Because DNS has become the cornerstone of a properly functioning Active Directory (AD) environment, and because DNS is the glue that holds the Internet together, the ability to quickly spot and solve DNS problems on your network is essential. Let's take a look at the intricacies of DNS troubleshooting outside of Active Directory (AD), then take a look at the complexities that AD adds to the mix.

Resolving Names
The entire DNS hierarchy is held together by a root domain, and this root domain is maintained by 13 separate servers around the world, managed by commercial, governmental, and educational organizations. Ultimately, these root servers are involved in the process of resolving all public Internet names. Suppose a workstation on your network is attempting to resolve the host name download.beta.example.com to an IP address. This process could take as many as 10 separate DNS messages to resolve, starting with the first message, which is the query from the workstation to the server configured as its DNS server. Figure 1 depicts a standard DNS name-resolution process.

As you can see in Figure 1, the local DNS server takes on the task of resolving the necessary IP address through recursive queries—one of the two types of DNS query messages, the other being iterative. Each public DNS server queried along the way will either give the final answer (if it knows it) or send a referral to the next best step in the recursion process. Because the root DNS servers obviously wouldn't know about an individual host within the beta. example.com domain, it responds that it doesn't know the answer to the query but advises checking with the server responsible for handling .com for a better answer. As the recursion process continues its steps, resolution will occur one way or another—either an IP address or a negative response will be returned.

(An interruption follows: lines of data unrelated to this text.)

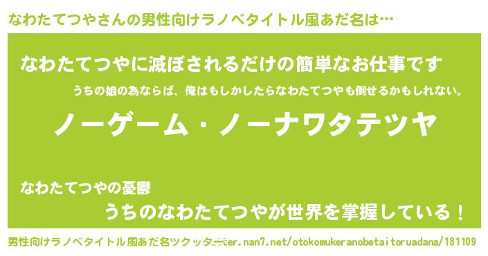 | 女子向けラノベタイトル風あだ名 | 『死神なわたてつやの再婚』 |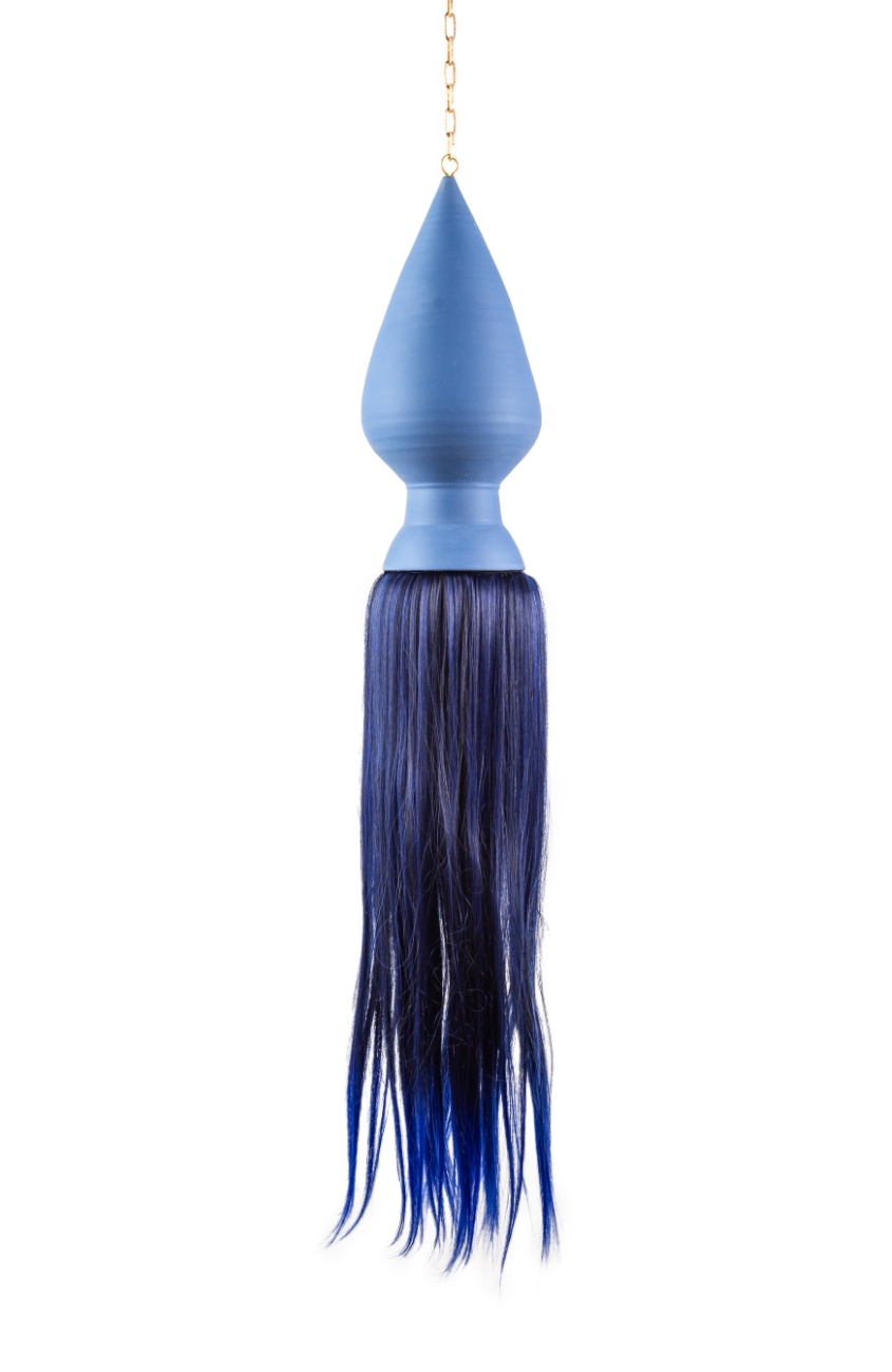 Zephyr Amphora, 2024, porcelain, synthetic hair, metallic chain; 33 x 15 x 15 cm / with hair 80 cm, chain 1,5 m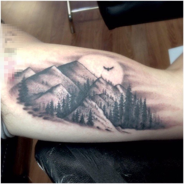 男生手臂上黑灰点刺技巧山和树风景纹身图片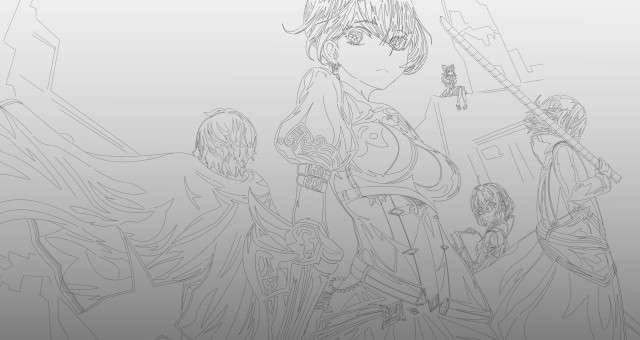 構図、背景はそれらしいイラストを拾って立ち絵や公式の特設トップ絵を元に当てはめてその構図になるように。後ろ姿なんかはフィギュア画像を元にしたり。ニナは茶熊カスミが元だったり、ツァラはネタ元?のファントム絵をツァラ風に手を加えたり(´・ω・`)オリジナルは描けんとです…

Given this resolution process, you might think that the root domain servers must either be the largest computers known to man or must often crash because of the sheer load placed on them. In reality, the root servers are spared such torture thanks to the second key component in the name-resolution process: caching.

Understanding Caching
Consider Figure 1's resolution process again, but this time suppose the local DNS server had already looked up the mail server information for the example.com domain a few minutes before getting the query for download.beta.example.com. In this case, the local DNS server already knows where to find the authoritative DNS server for the example.com domain—at least, as of a few minutes earlier—so it can go directly to that server to attempt to resolve the name download.beta.example.com instead of starting at the root domain. Therefore, steps 2, 3, 4, and 5 of the resolution process are unnecessary, providing a 40 percent decrease in communication traffic.

Caching takes place throughout the entire hierarchy of the DNS infrastructure. Going a step further, if anyone else on the local network happens to query for the same host—download.beta. example.com—the local DNS server can serve up a response out of its local cache because it recently found that host, thereby leaving only steps 1 and 10 in Figure 1's communication process—an 80 percent reduction in communication traffic.

Not only DNS servers cache records. Clients also perform caching, so any workstation that has recently cached a record for a host name will keep that record in its cache for a period of time. If an application (e.g., Web browser, email client) on the host has occasion to request that DNS record again, Windows uses its locally cached copy instead of initiating a DNS query, resulting in zero network communication.

This caching hierarchy, which takes place on every server and client involved with DNS—keeps DNS alive on the Internet. However, caching can also throw a wrench into your troubleshooting techniques.

Troubleshooting Mechanics
Understanding how DNS communication and caching work when they're operating properly can reduce the time you spend troubleshooting problems. Let's look at how Windows' DNS resolver works when it attempts to resolve a DNS name to an IP address. As you can see in Figure 2, when tasked to resolve a host name into an IP address, the DNS resolver first checks its local cache to see if it already knows the answer to the query. If it has the answer in its cache, it returns the response and generates no traffic on the network; otherwise, it continues through the rest of the name-resolution process. That process sounds simple, but you need to understand a few things about what's actually going on with the cache.

First, the cache is populated by two main types of entries: entries that have been cached because they were resolved by querying the DNS server for the information, and entries that have been preloaded into the \%systemroot%\ system32\drivers\etc\hosts file. The first type of entries expire at an interval defined by the Time To Live (TTL) value that came embedded in the DNS response the first time the query occurred.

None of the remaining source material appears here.